WHAT THIS TASK INVOLVES
From the first line to the last, copy the data exactly and drop the pictures.

<<<<

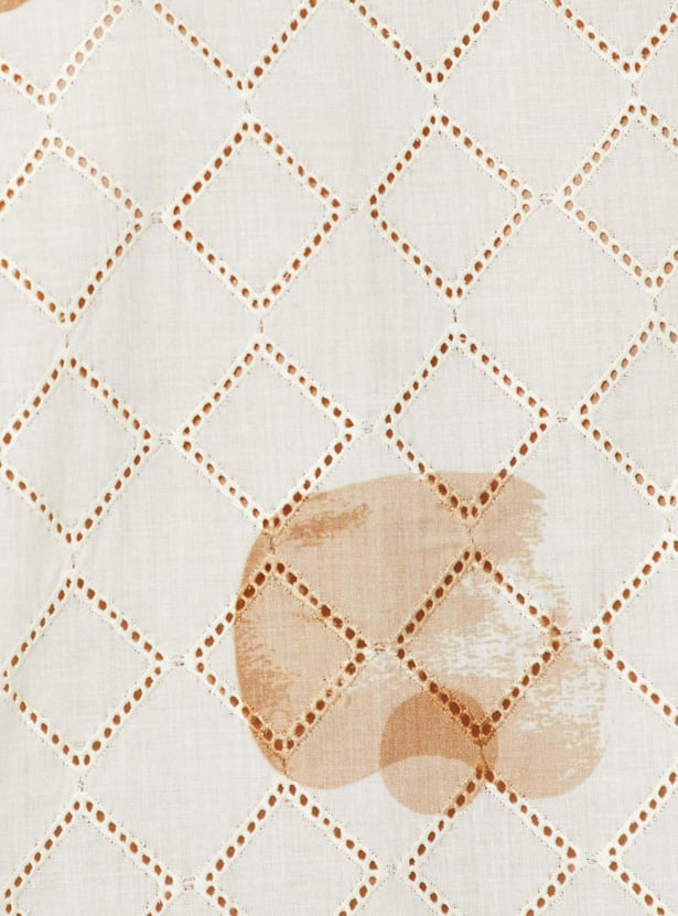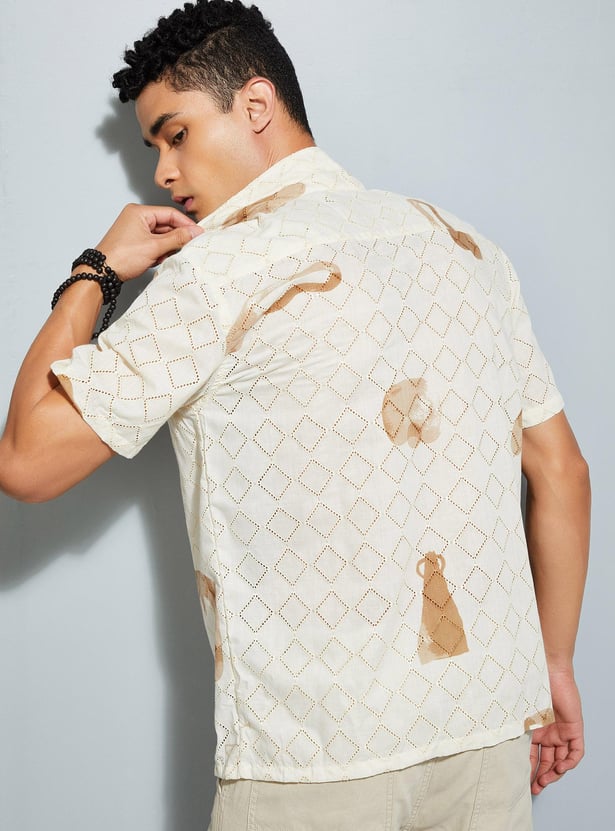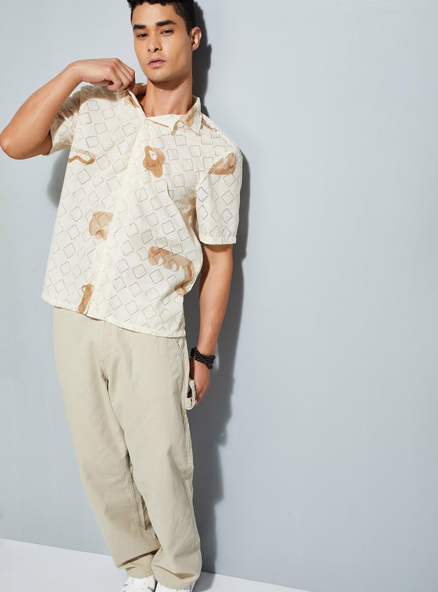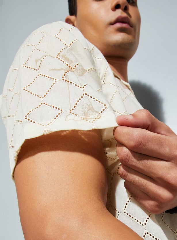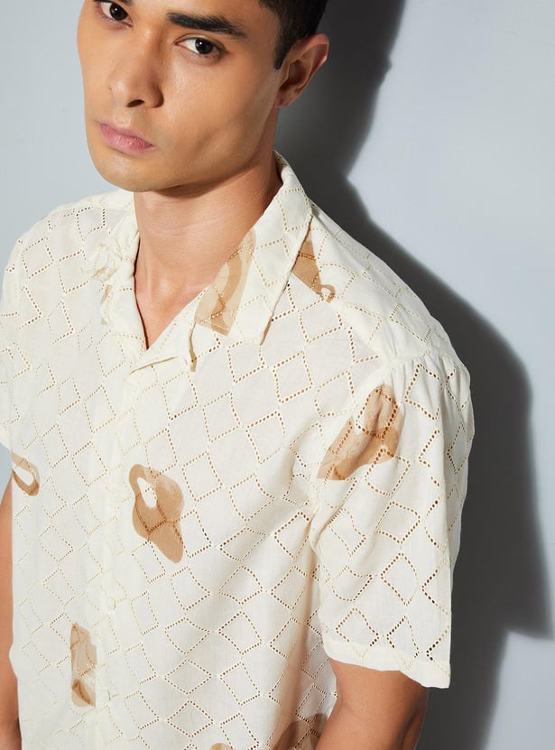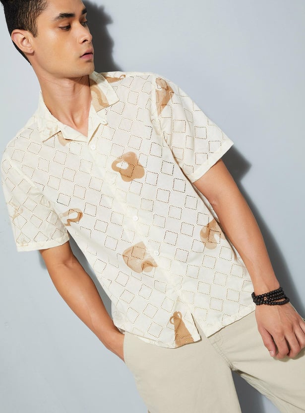 Elevate your casual style with this schiffli shirt, featuring a printed surface for added flair. With its resort collar, short sleeves, and straight hem, it brings sophistication to your laid-back look.
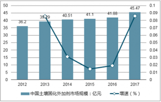 根據(jù)數(shù)據(jù)顯示,2017年我國土壤固化外加劑市場規(guī)模為45.47億元,較2016年的41.88億元增長8.57%。
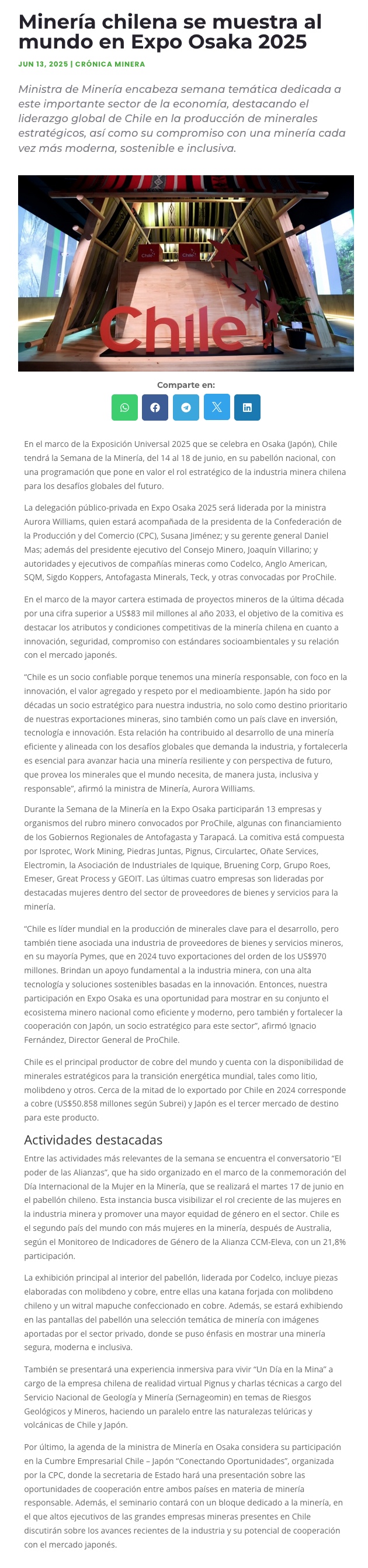 La industria minera chilena se muestra al mundo en Expo Osaka 2025 - (mch.cl)
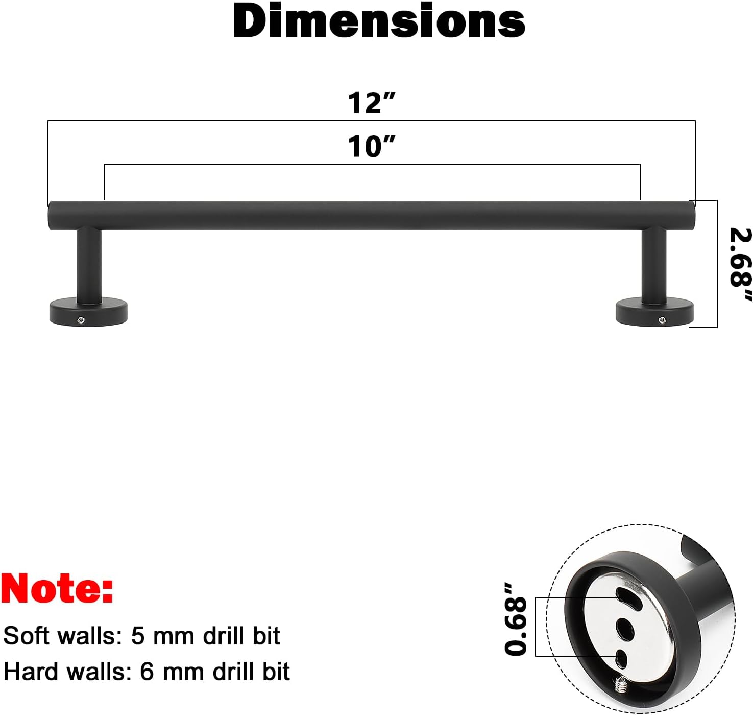 - DIMENSIONS & USE: Overall length is 12" (304mm). The length of hanging space is10" (250mm). 22-Lbs (10kgs) max weight capacity. You can mount this towel bar to either side of your cabinet or closet door for storing at-use hand and dish towels. It can also be used with S hooks, hanging bath balls, hair dryers, tea cups, spoons, clips, etc.
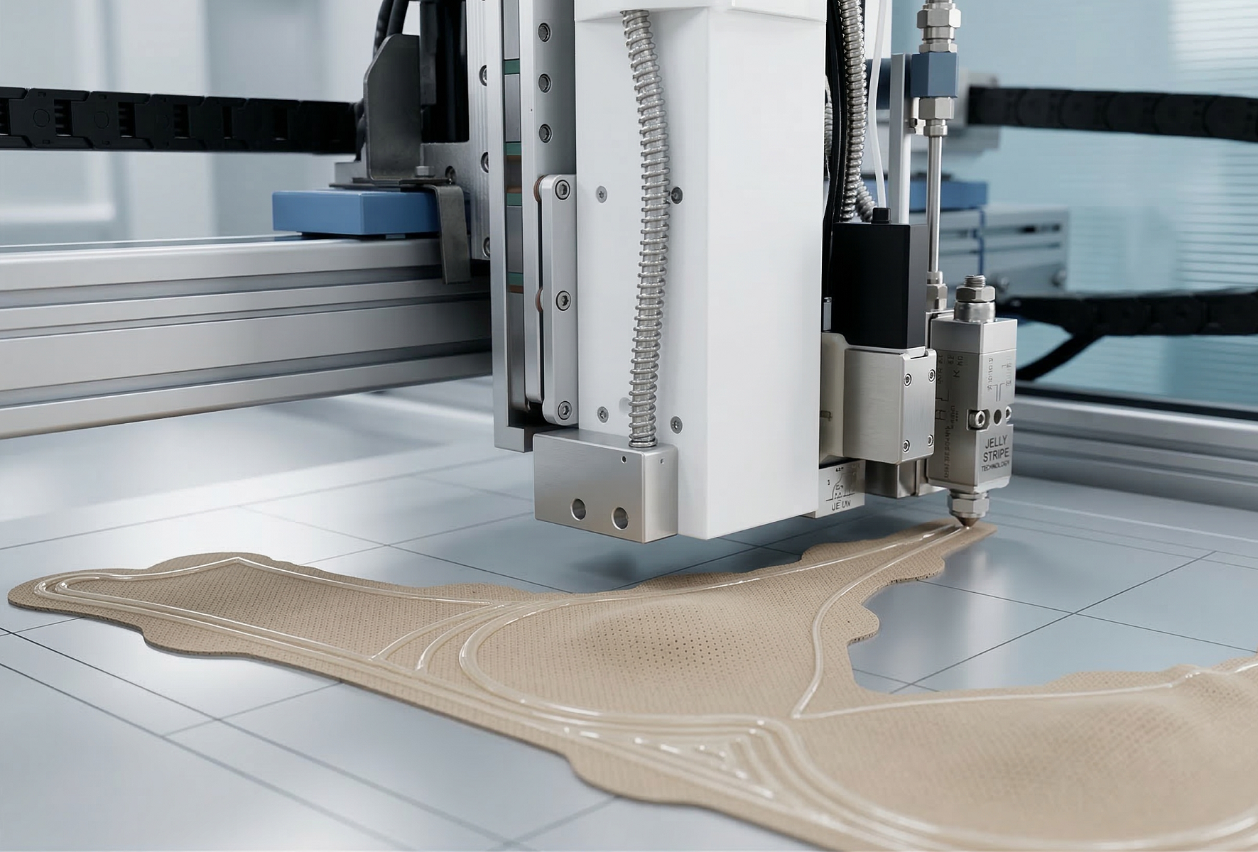 Wie stützt man eine Brust sicher, wenn man den harten Metallbügel weglässt? Die Antwort ist unsere innovative Jelly-Strip-Technologie. Wir integrieren flüssig aufgetragene, hochflexible Harz-Streifen (das "Jelly") direkt in die Unterbrustkonstruktion des Stoffes. Diese Streifen härten flexibel aus und ahmen die Stützfunktion eines Bügels nach.
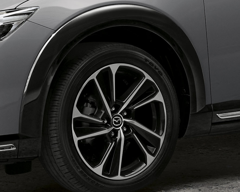 Aspek gaya diberikan tona hitam pada gril depan, cermin sisi, pelapik gerbang roda, bumbung dan rim aloi 18 inci.
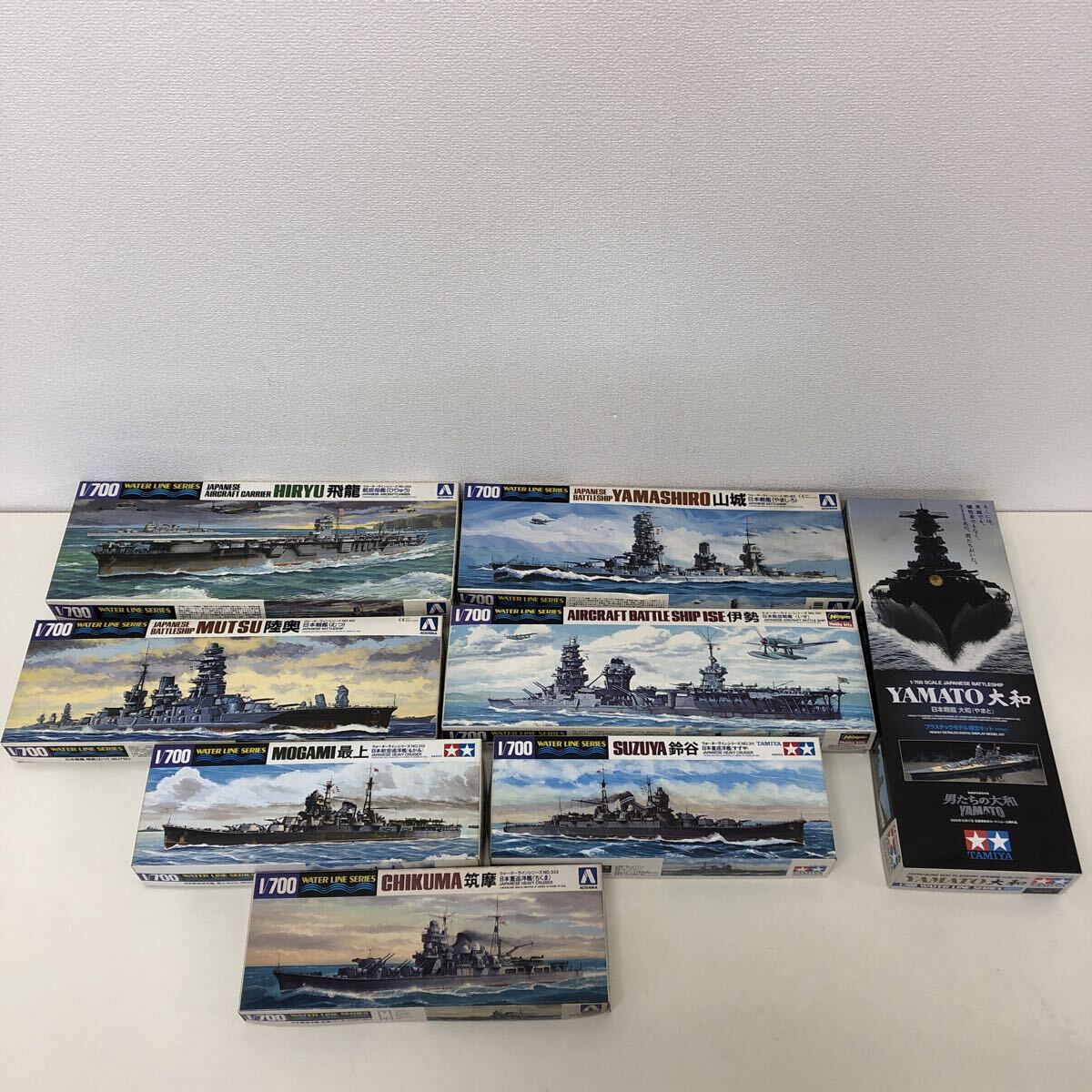 - 8点セット 未組立 AOSHIMA 他 1/700 WATER LINE SERIES 戦艦 プラモデル まとめ 鈴谷 筑摩 伊勢 飛龍 大和 最上 陸奥 山城 251105Y04

>>>>

WRITTEN ANSWER
 Elevate your casual style with this schiffli shirt, featuring a printed surface for added flair. With its resort collar, short sleeves, and straight hem, it brings sophistication to your laid-back look.
 根據(jù)數(shù)據(jù)顯示,2017年我國土壤固化外加劑市場規(guī)模為45.47億元,較2016年的41.88億元增長8.57%。
 La industria minera chilena se muestra al mundo en Expo Osaka 2025 - (mch.cl)
 - DIMENSIONS & USE: Overall length is 12" (304mm). The length of hanging space is10" (250mm). 22-Lbs (10kgs) max weight capacity. You can mount this towel bar to either side of your cabinet or closet door for storing at-use hand and dish towels. It can also be used with S hooks, hanging bath balls, hair dryers, tea cups, spoons, clips, etc.
 Wie stützt man eine Brust sicher, wenn man den harten Metallbügel weglässt? Die Antwort ist unsere innovative Jelly-Strip-Technologie. Wir integrieren flüssig aufgetragene, hochflexible Harz-Streifen (das "Jelly") direkt in die Unterbrustkonstruktion des Stoffes. Diese Streifen härten flexibel aus und ahmen die Stützfunktion eines Bügels nach.
 Aspek gaya diberikan tona hitam pada gril depan, cermin sisi, pelapik gerbang roda, bumbung dan rim aloi 18 inci.
 - 8点セット 未組立 AOSHIMA 他 1/700 WATER LINE SERIES 戦艦 プラモデル まとめ 鈴谷 筑摩 伊勢 飛龍 大和 最上 陸奥 山城 251105Y04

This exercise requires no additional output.